The group that has been teaching the Wampanoag language to tribe members for the last two decades is now opening a preschool for the first time. Applications are being accepted now.

The language, called Wôpanâak, had fallen silent for nearly 150 years when MashpeeWampanoag Tribe member Jessie Baird (Little Doe) began to revitalize it in 1993. Using a trove of documents dating back to the 1600s, Baird pieced together the grammar and vocabulary of her ancestors and taught herself to speak it.

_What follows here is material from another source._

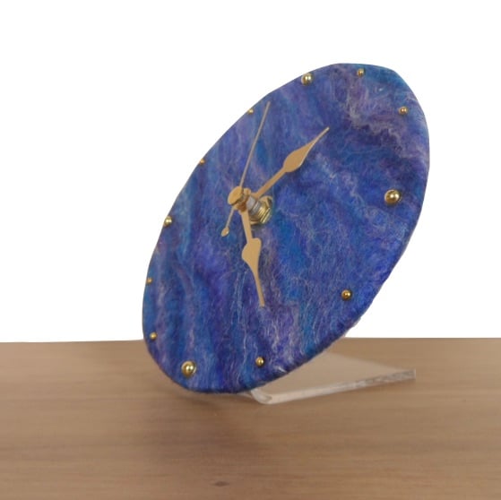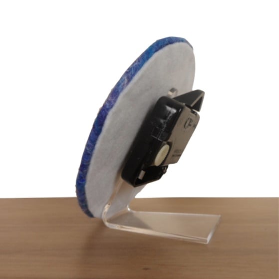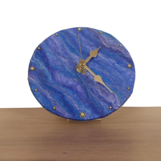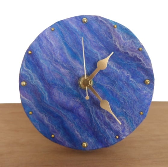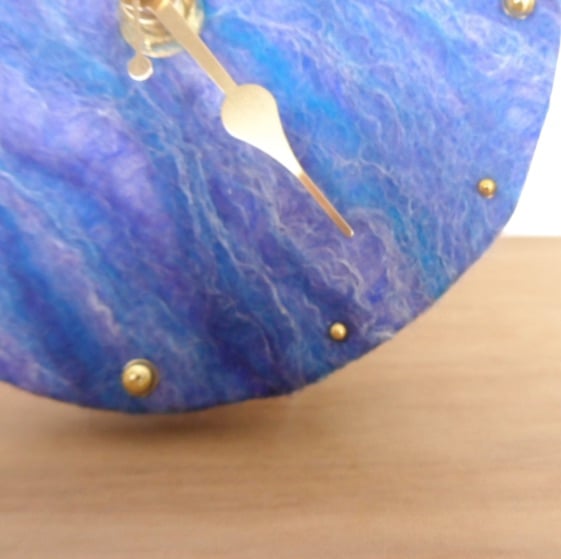 This clock face has been made by mounting a piece of nuno felt onto a plywood base. The nuno felt has been made by laying a very fine layer of merino wool in shades of blue over a silk chiffon fabric. This is then worked with soap, water and elbow grease to force the woollen fibres to migrate through the silk and bind with it. The result is a lovely light fabric with a marbled effect.

Baird and others started the Wôpanâak Language Reclamation Project to teach more Wampanoags the long-forgotten tongue.
 
In 2012, the project leaders started putting together an application for a state-funded charter school. But they put those plans on hold in November after two of their early applications were met with numerous questions from state regulators.
 
Jennifer Weston, the immersion school developer for the project, says it was feedback from the state, plus the language project’s desire to start with a small-scale school that made them drop the charter school concept.
 
“Often charter schools are quite large initially, especially in proportion to the number of teachers we have in the community,” she said.
 
Instead, the project formed a partnership with the Montessori Academy of Cape Cod in North Falmouth to open a Wôpanâak preschool classroom inside the existing school.
 
This new “Children’s House” (MukayuhsakWeekuw) will use the same Montessori method of teaching, but be taught almost exclusively in Wôpanâak. Children attending the pre-existing Montessori school will interact with the Children’s House students for part of the school day. For funding, the immersion program has applied for a three-year federal grant from the Administration for Native Americans.
 
The long-term goal is to grow the immersion program into a preschool-to-grade 12 school. 
Weston says that language immersion has benefits for Native American children as they enter high school.

“Language immersion schools see almost zero dropouts, where as the national average spans between 40 to 50 percent for some tribal communities,” she said. “Language immersion schools just don’t see that kind of attrition."

There will be 14 spots available at the immersion preschool in the first year, which starts in September 2016. Children from Wampanoag tribal households are invited to apply.